> _PROBLEM TO SOLVE_:
Please give every line below again exactly, but not its pictures.

** Opening RECORDED INFORMATION block **

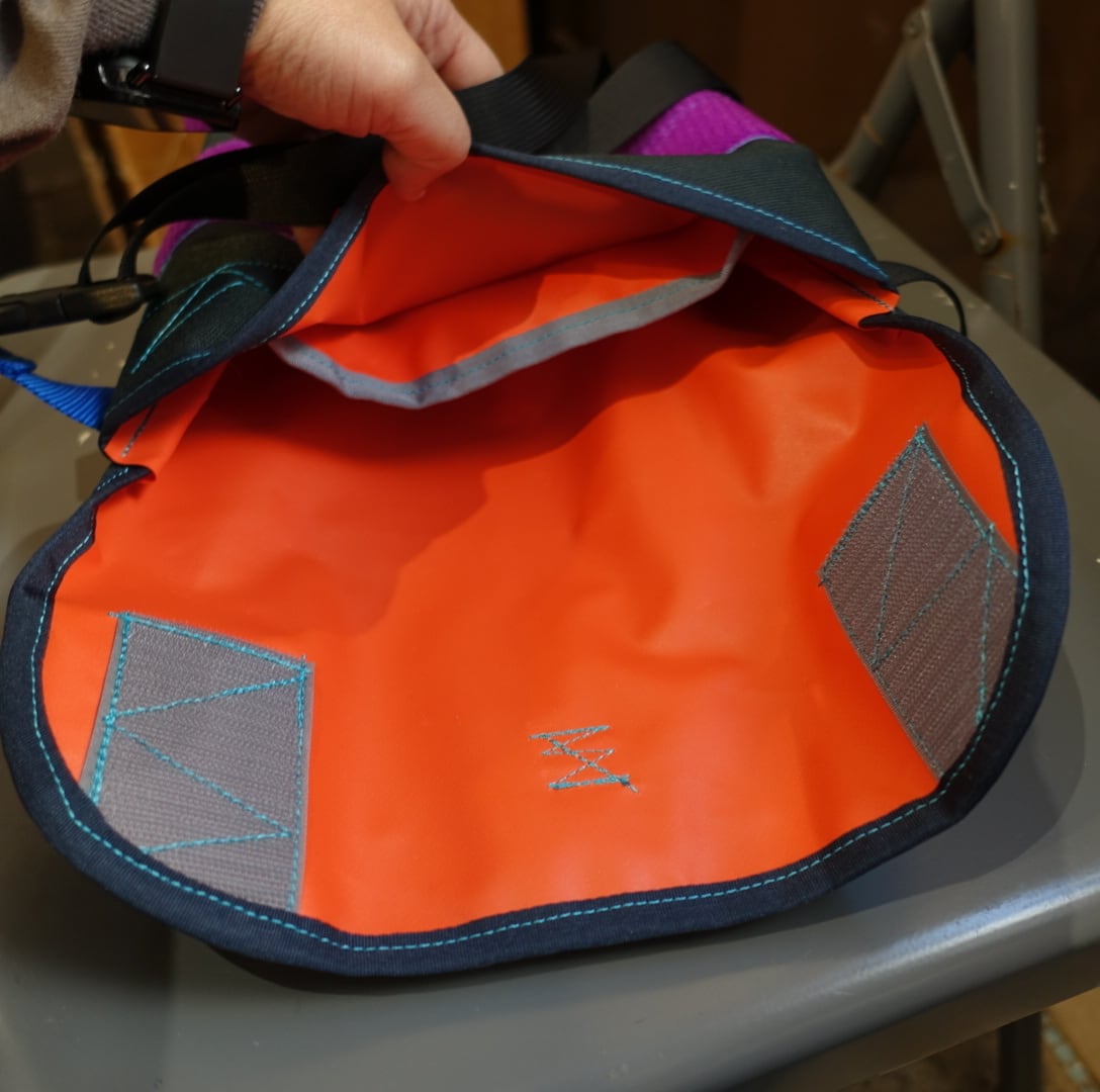 耐久性の高いコーデュラナイロン1000Dに即興スティッチ。
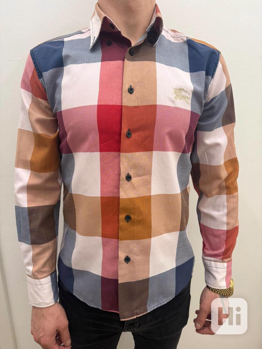 Prodám originální pánskou košili prémiové značky Burberry z řady London. Košile zaujme netradičním barevným kostkovaným vzorem v kombinaci vínové, modré, béžové a hnědé barvy. Látka má luxusní texturu rybí kosti (herringbone), která je velmi příjemná na dotek.
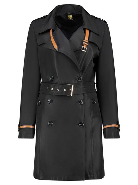 – kołnierz: z klapami i klamrą- zapięcie: listwa guzikowa- zakończenia rękawów: z patką- zdejmowany pasek: tkanina- kieszenie: wpuszczane- krój: prosty- dolny brzeg: z rozcięciem- look: jednokolorowy

** Closing RECORDED INFORMATION block **

> _TASK RESPONSE_:
 耐久性の高いコーデュラナイロン1000Dに即興スティッチ。
 Prodám originální pánskou košili prémiové značky Burberry z řady London. Košile zaujme netradičním barevným kostkovaným vzorem v kombinaci vínové, modré, béžové a hnědé barvy. Látka má luxusní texturu rybí kosti (herringbone), která je velmi příjemná na dotek.
 – kołnierz: z klapami i klamrą- zapięcie: listwa guzikowa- zakończenia rękawów: z patką- zdejmowany pasek: tkanina- kieszenie: wpuszczane- krój: prosty- dolny brzeg: z rozcięciem- look: jednokolorowy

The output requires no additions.